The first such hub will be based at North Carolina State University and the Obama administration plans to announce in coming weeks two more hubs, led by the Pentagon, to foster digital manufacturing and modern metals innovation.

The White House wants to establish up to 45 such institutes, but that will require legislation from Congress so they are funded. The first three are being funded with existing resources.

Obama was expected to foreshadow part of his State of the Union Address during a speech at North Carolina State promoting advanced manufacturing, which many believe is key to an economy that offers well-paying jobs to middle-class workers.
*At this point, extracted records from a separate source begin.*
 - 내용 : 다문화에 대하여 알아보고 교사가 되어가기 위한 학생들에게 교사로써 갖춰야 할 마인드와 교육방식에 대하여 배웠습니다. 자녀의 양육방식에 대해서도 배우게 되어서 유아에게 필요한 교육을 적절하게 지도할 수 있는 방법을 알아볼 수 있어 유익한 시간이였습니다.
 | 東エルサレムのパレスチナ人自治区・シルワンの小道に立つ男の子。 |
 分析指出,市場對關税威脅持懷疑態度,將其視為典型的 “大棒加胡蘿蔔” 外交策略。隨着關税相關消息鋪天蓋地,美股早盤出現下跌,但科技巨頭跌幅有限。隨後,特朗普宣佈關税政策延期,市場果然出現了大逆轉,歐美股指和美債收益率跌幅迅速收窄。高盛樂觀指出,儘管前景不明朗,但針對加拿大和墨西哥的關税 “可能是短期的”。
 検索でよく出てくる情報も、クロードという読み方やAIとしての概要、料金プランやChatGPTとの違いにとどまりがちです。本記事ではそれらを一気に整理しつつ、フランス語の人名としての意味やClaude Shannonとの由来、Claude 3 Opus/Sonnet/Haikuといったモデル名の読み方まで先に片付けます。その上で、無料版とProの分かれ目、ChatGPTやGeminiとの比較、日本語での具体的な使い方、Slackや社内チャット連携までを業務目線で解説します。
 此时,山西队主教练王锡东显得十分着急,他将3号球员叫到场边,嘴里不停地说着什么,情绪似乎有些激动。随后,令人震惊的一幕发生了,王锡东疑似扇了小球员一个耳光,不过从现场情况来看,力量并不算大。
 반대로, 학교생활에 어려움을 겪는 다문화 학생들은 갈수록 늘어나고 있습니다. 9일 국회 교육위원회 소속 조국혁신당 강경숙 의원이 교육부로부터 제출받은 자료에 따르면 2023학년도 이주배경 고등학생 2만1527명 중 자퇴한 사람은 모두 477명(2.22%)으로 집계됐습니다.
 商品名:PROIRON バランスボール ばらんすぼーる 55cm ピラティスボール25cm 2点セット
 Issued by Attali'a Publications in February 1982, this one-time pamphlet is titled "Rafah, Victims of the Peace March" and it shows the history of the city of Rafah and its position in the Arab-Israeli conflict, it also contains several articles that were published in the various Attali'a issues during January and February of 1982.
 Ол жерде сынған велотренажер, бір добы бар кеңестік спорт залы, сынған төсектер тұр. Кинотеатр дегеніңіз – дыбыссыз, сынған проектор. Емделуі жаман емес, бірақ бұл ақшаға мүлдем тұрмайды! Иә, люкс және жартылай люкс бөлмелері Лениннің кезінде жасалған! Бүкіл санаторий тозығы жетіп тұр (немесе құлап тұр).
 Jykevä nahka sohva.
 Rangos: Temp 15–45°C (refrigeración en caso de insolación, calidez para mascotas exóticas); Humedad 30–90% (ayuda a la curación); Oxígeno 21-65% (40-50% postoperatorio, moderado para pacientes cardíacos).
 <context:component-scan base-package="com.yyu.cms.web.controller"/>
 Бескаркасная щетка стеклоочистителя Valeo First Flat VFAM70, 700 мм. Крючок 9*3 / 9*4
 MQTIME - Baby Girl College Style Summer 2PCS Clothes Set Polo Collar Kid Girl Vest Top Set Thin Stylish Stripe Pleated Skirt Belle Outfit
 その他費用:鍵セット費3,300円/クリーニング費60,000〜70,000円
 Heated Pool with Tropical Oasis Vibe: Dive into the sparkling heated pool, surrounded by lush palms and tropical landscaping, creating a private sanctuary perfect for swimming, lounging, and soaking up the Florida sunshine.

"The country that figures out how to do this first, and the companies that figure out how to do this best, they're going to be the ones that attract the jobs that go with them," the president said.

The initial consortium will seek to invent, design and make new, more efficient semiconductor chips and power devices. Headquartered in Raleigh, it will receive $70 million over five years from the U.S. Energy Department and at least $70 million more from the universities, businesses and the state, the White House said.

"We have a great collection of scientists here and we're in a part of the country, a hub in the United States, where a lot of this activity is turned into products," N.C. State Chancellor Randy Woodson said.

U.S. Sen. Kay Hagan, D-N.C., said the project would create or sustain 1,000 jobs in its first five years.

The center would do little for the blue-collar workers who lost their jobs in the recession, but could prepare for the future as manufacturers continue a decades-long move toward robots and programmable machines that require higher education, University of North Carolina Charlotte economist John Connaughton said.

"The skill mismatch is enormous. It's not the kind of gap you can close by going to technical school for a year or 18 months," he said.

Still, he predicted a rebounding economy this year would recover all the jobs lost in the recession.

North Carolina manufacturing and construction jobs are expected to see the biggest boosts in 2014, a year in which the state finally sees a sustained recovery from the lingering effects of the Great Recession, Connaughton predicted in a report released Wednesday.

The consortium includes six other colleges and national laboratory. The 18 businesses taking part in the shared research and worker training include Cree, John Deere, RF Micro Devices, Toshiba International and Vacon.